There are a couple of things I've been thinking about turning off in my
RPM for my next version:
1. Getting rid of the PVM shadow, so I don't have to compile and rely on
old, custom patched PVM
2. The standard universe, so I don't have to rely on a glibc that is a huge
pain to compile anywhere
3. The checkpoint server, because it's totally hated. 4. The grid universe, because the GSI libraries are huge.
Without these, I think Condor would be a pretty standard piece of code, that
only uses very common libraries (PCRE, OpenSSL, Krb5, zlib) but still
does what 90% of sites want it to do. It'd be nice if I could just turn off
the libraries I don't want to support, and have the features that need them automatically turn off, but that's probably a long way away.

You forgot to mention PoastgreSQL as a very common library. Also, you can't do OpenSSL without Globus (joy), yet.


I went ahead and started a patch to make WANT_QUILL NO work. Below is a patch to src/Imakefile so that a Condor build does not attempt to compile quill code. I found that patching just Imakefiles is not enough as pieces of quill code are not wrapped with "#if WANT_QUILL", e.g. src/condor_schedd.C:355 references a variable prevLHF, which does not defined via scheduler.h unless WANT_QUILL is YES.

Do those who know about Quill think the patch below should do the trick?

Does this work with schedd.V7, which uses the Quill parser?

I do not know. I figured some Quill developers that know where are the Quill code is would be able to tell us.


Conditionally Compiling Code:
When it comes to externals, it seems we have a number of different ways of deciding if code should be compiled. There are a number of WANT_/USE_/HAS_/HAVE_/DOES_ options (I understand many are *OLD*) in different configuration files (site.def, <platform>.cf, configure.cf.in/externals.cf.in), and little consistency as to what should be used for new code. Speaking with Derek I've been told that code should be conditionally compiled by HAVE_EXT_'s, but I've seen recent code additions (including my proposed patch below) checking for WANT_'s. Do people find that HAVE_EXT_'s are not good enough? Maybe quill is a good example of this since it can work with multiple databases (i.e. #if WANT_QUILL (above) vs #if HAVE_EXT_POSTGRESQL).

You would be fine changing most all your #if WANT_QUILL tests to #if HAVE_EXT_POSTGRESQL? Surely not, since you can use Oracle. Does Quill add anything to Condor if there is no DB back-end? Could we remove all #if WANT_QUILL tests and just have more specific #if HAVE_EXT_POSTGRESQL or #if HAVE_EXT_ORACLE, where relevant?
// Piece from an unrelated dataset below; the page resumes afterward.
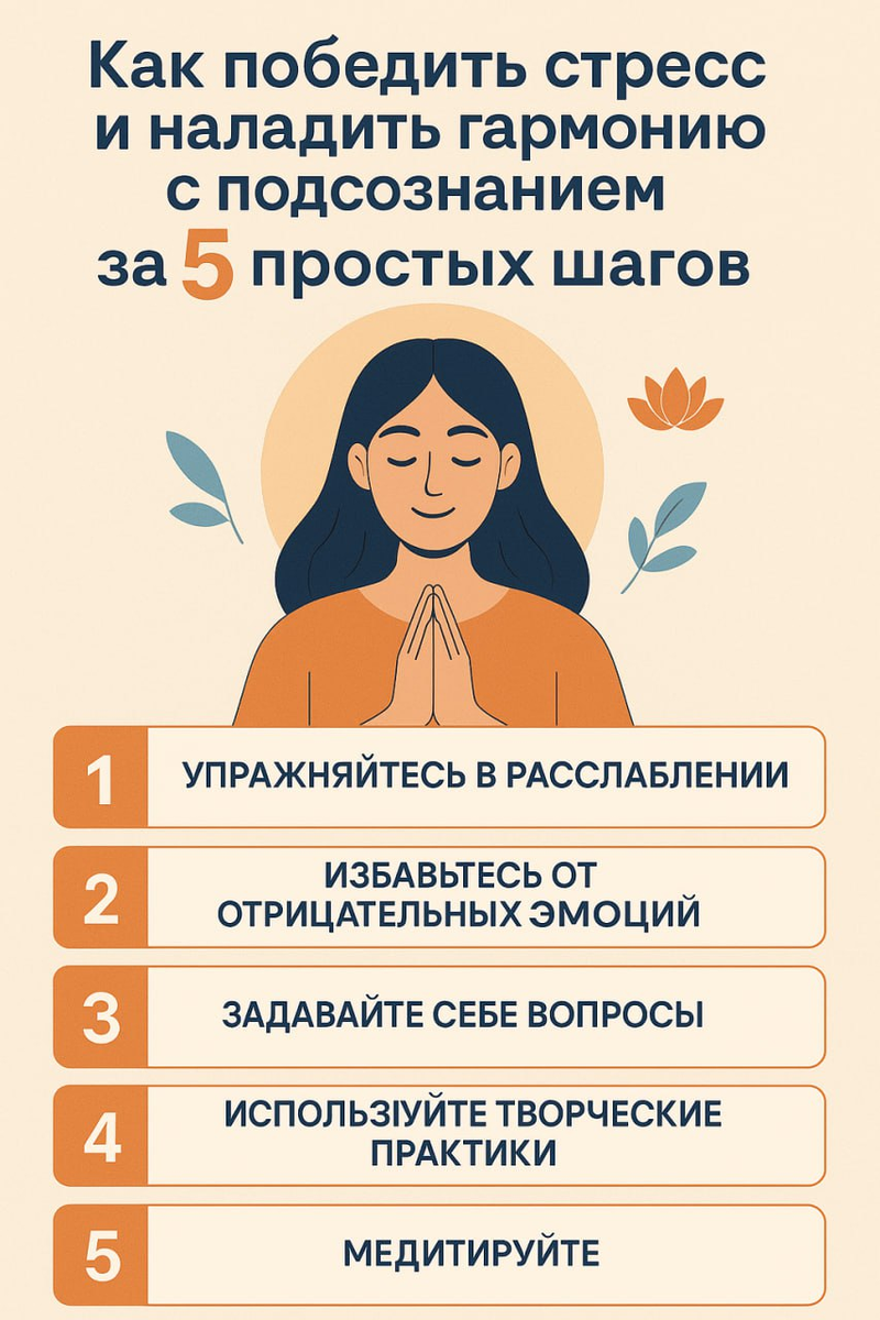 Виток, друзья! Управление стрессом и гармония с нашим подсознанием — это не ракета. Всё, что нужно, — это практиковать техники, которые я упомянул. Чувствуете напряжение? Попробуйте глубокое дыхание или творчество! Наш мозг — это величайший инструмент, который в состоянии сделать невозможное, если мы только научимся прямо с ним работать.

Testing of Conditional Compiled Code:
Given the complexity of the build system Condor probably isn't ever compiled WANT_QUILL NO and WANT_QUILL YES (or WANT_PCRE NO/YES for that matter), is it? Do people think it would be beneficial to have a more complete builds, and would you be willing to help untangle the web of how Condor's features map to externals (and to platforms)?


Eventually I would be :)

Anyone else interested?


Adding New Externals:
New externals, it seems that when new externals are added to externals.cf.in there is little consistency on testing for HAS_EXTERNALS or HAVE_EXT_, or if either of those should be checked. Again, is this because people don't know what the "right" thing is to do now, or is the right thing not expressive enough?

I don't think it's really clear how it's supposed to work. I like the idea of
just using HAVE_EXT_<foo>, combined with a real --with-foo and --without-foo
from autoconf, and getting rid of the HAVE && WANT tests. I think turning off externals is better than turning off "features."

Well, turning off an external essentially means turning off a feature in many cases. Quill is a notable exception. This confusion between features and externals needs to be more clearly understood. Was the WANT/HAVE work an effort to clarify features (WANT) and externals (HAVE)?

As for being clear, if Derek is configure God, then everyone should be using HAVE_EXT_.